| DATASET EXCERPTS |
◆ ◆ ◆

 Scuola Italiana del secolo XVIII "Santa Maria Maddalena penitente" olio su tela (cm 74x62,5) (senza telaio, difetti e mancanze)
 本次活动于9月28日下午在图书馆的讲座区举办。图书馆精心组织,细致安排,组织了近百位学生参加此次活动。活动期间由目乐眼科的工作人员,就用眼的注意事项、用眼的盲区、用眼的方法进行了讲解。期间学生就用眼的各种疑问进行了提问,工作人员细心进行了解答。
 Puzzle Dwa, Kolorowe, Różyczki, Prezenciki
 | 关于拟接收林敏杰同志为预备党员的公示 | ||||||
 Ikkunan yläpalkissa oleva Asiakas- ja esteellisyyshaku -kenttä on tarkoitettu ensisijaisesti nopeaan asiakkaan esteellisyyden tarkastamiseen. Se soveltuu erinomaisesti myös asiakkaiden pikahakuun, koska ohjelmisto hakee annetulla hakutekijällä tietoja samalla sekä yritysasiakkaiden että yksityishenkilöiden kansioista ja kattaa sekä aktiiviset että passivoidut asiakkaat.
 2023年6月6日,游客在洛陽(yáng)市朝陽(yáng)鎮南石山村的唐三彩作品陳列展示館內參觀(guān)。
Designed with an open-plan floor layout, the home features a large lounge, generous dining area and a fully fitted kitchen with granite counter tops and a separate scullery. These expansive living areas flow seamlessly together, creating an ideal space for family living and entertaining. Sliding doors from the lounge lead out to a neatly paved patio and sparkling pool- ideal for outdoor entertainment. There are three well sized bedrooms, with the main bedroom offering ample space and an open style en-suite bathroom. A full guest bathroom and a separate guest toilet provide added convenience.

◆ ◆ ◆

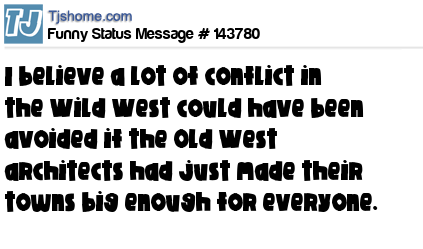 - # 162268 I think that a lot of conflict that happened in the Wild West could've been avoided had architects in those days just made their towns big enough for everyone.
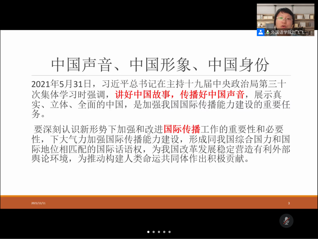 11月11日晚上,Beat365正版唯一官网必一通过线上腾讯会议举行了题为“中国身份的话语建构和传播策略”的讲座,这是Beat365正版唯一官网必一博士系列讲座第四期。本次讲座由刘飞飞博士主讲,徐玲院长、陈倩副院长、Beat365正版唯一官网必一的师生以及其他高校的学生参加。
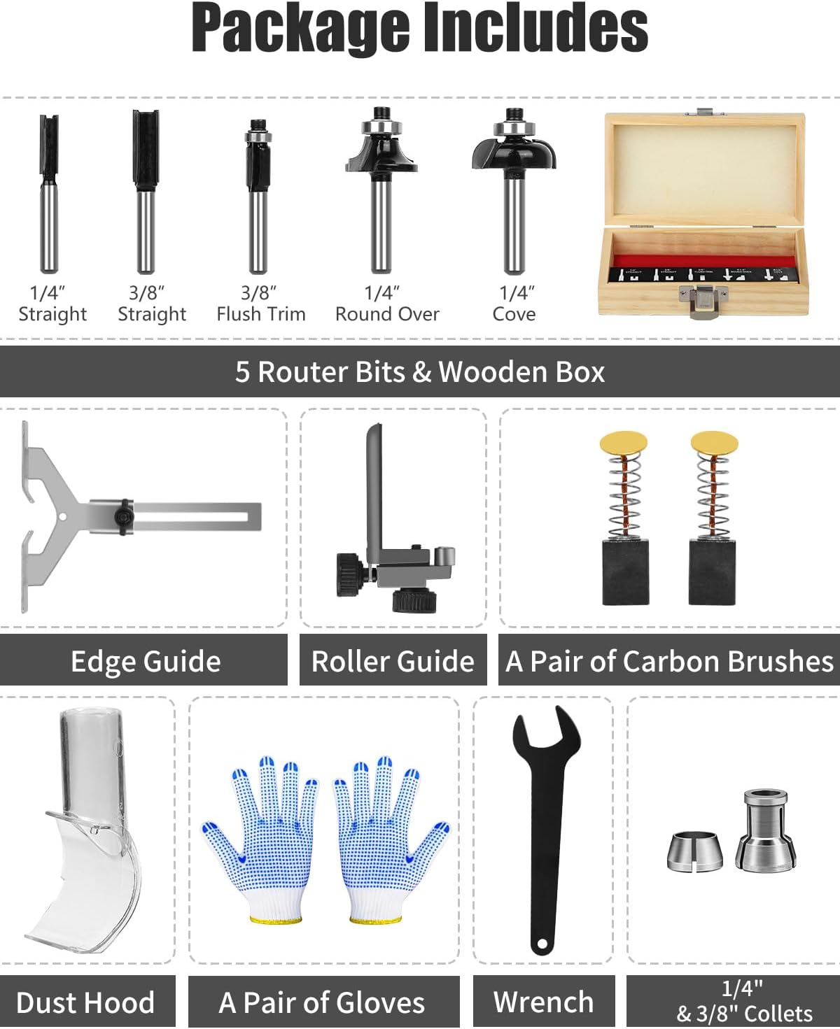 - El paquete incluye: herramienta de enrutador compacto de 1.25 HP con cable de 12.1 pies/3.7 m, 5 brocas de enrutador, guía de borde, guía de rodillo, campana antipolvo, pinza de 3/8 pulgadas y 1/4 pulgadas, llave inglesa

◆ ◆ ◆

When copying from the data above, begin at the line containing "- # 162268 I" and end at the line containing "- El paquete"; return those lines exactly and leave all pictures behind.

 - # 162268 I think that a lot of conflict that happened in the Wild West could've been avoided had architects in those days just made their towns big enough for everyone.
 11月11日晚上,Beat365正版唯一官网必一通过线上腾讯会议举行了题为“中国身份的话语建构和传播策略”的讲座,这是Beat365正版唯一官网必一博士系列讲座第四期。本次讲座由刘飞飞博士主讲,徐玲院长、陈倩副院长、Beat365正版唯一官网必一的师生以及其他高校的学生参加。
 - El paquete incluye: herramienta de enrutador compacto de 1.25 HP con cable de 12.1 pies/3.7 m, 5 brocas de enrutador, guía de borde, guía de rodillo, campana antipolvo, pinza de 3/8 pulgadas y 1/4 pulgadas, llave inglesa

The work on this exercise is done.